Re: Confirmation before automatic dumping

Posted: Sat Mar 01, 2025 12:26 pm
by muziqaz
Recovery only brings back basic driver functionality, it never loads back all the required modules for GPU to continue working as before the crash. This has been witnessed with games (they run like crap on recovered drivers), and FAH (it outright cannot fold on recovered drivers).
Driver recovery is there for you to save your work (not fah), and restart the PC gracefully.
Now why FAH cannot restart from the previous checkpoint and continue folding? It can't because driver is in recovery mode, which is not fully functional, thus stopping folding on such hardware/software combination.
Now, how about pausing if driver crash happens and let user reboot and resume the WU? Who is to say that driver crash did not introduce an error in scientific simulation? But can't fah check if previous bit of simulation is correct?
I think Joe would just quit as a dev if we expected FAHClient to hold hand for every possible user move.

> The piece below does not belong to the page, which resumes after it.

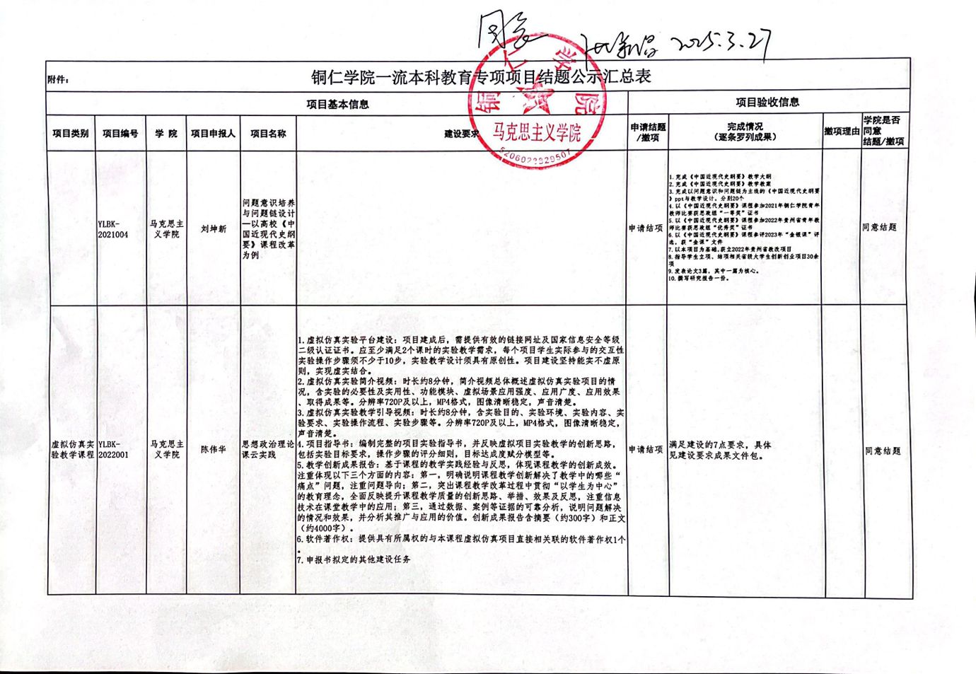 经过马克思主义学院教学指导委员会评审后,同意我院刘坤新和陈伟华两位教师的一流本科教育专项项目结题。

Running 2 compute tasks at the same time is BAD. Run one only
Running FAH on unstable hardware is bad. Please make sure your hardware is 101% stable before folding
Running FAH on unstable drivers is bad. Make sure to fix the drivers before folding.

I still urge the request made in github, but caution, some of us are still waiting for more severe issue fixes to the client to not dump work left and right :)